The first buffer areas 111 and 115 are configured to store the
unshaded vertexes and pixels. The second buffer areas 113 and 117
are configured to store the shaded vertexes and pixels.
[0032] Comparing with the conventional universal architectures, the
shaders 151, 153, 155 and 157 based on the universal architecture
of the present invention may be controlled by the tag flow to
actively retrieve the unshaded vertexes and pixels from the first
buffer areas 111 and 115. After shading, the shaders 151, 153, 155
and 157 store the shaded vertexes and pixels back into the second
buffer areas 113 and 117. The raster 23, the raster operator 25,
the entropy encoder 27 and other hardware 29 are also controlled by
the tag flow to complete the corresponding processes.
[0033] Please refer to FIG. 6, which is a schematic view of the
pixel-recorder architecture comprising the first buffer areas 111
and 115 the second buffer areas 113 and 117, the scheduler 13, the
shaders 151, 153, 155 and 157, the rasters 31, 33 and 35 and the
raster operator 37. The first buffer areas 111 and 115 are
configured to store the unshaded vertexes and pixels. The second
buffer areas 113 and 117 are configured to store the shaded
vertexes and pixels.
[0034] Comparing with the conventional pixel-recorder
architectures, the shaders 151, 153, 155 and 157 based on the
pixel-recorder architecture of the present invention may be
controlled by the tag flow to actively retrieve the unshaded
vertexes and pixels from the first buffer areas 111 and 115. After
shading, the shaders 151, 153, 155 and 157 store the shaded
vertexes and pixels back into the second buffer areas 113 and 117.

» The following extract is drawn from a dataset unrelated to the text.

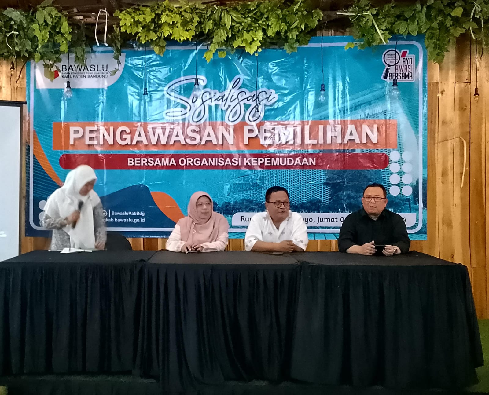 Pada masa menghadapi Pilkada 2024 dalam pemilihan Gubernur dan Wakil Gubernur juga Bupati dan Wakil Bupati,ketua Bawaslu kabupaten Bandung Kahpiana,perlunya dan pentingnya pengawasan dalam pelaksanaan Pilkada 2024,Bawaslu tekankan lakukan pengawasan dalam memilih para Calon,agar kita bisa melahirkan pemimpin yang baik,jujur,amanah dan bisa memimpin masyarakat,dan kami juga perlu parsitipatif kepemudaan juga para mahasiswa untuk ikut andil dalam mensukseskan Pilkada Serentak yang akan di laksanakan pada tanggal 27 Nopember 2024 mendatang.” Papar Kahpiana

The rasters 31, 33, 35 and raster operator 37 are also controlled
by the tag flow to complete the corresponding processes (such as
sorting the output pixels according to the tag to make them back to
their triangles).
[0035] A second preferred embodiment of the present invention is
shown in FIG. 7, which is a flowchart of a data processing method
for a data processing apparatus as described in the first
embodiment. The data processing apparatus comprises a buffer, a
scheduler and a process node. The process node is electrically
connected to the buffer and the scheduler, and the buffer is
further electrically connected to the scheduler. The buffer
comprises a first buffer area and a second buffer area. The first
buffer area is configured to store a first data that has not been
processed, e.g., vertices and pixels that have not been shaded in a
3D image; and the second buffer area is configured to store media
data that have already been processed, e.g., vertices and pixels
that have already been shaded in the 3D image.

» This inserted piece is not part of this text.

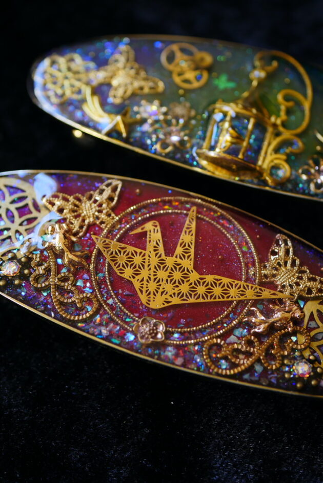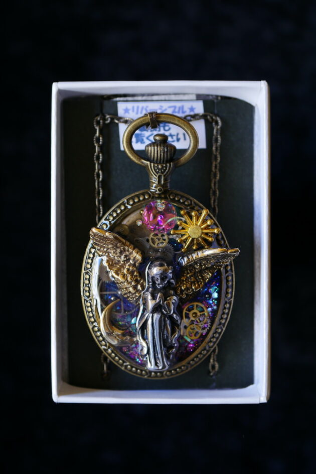 レジン、歯車などを組み合わせた1点物のアクセサリーを届けてくれます

[0036] Firstly, step S401 is executed to enable the scheduler to
schedule the first data into a process; and step S402 is executed
to enable the scheduler to generate a first tag for indicating that
the first data has been scheduled into the process. It shall be
noted that, apart from indicating that the first data has been
scheduled into the process, the first tag is further configured to
indicate that the first data shall be stored back into the second
buffer area of the buffer after being shaded. In other words, the
first tag is configured to indicate any processing and actions that
need to be made on the first data during the shading process, but
is not merely limited to indicating that the first data has been
scheduled into the process and shall be stored back into the second
buffer area of the buffer after being shaded.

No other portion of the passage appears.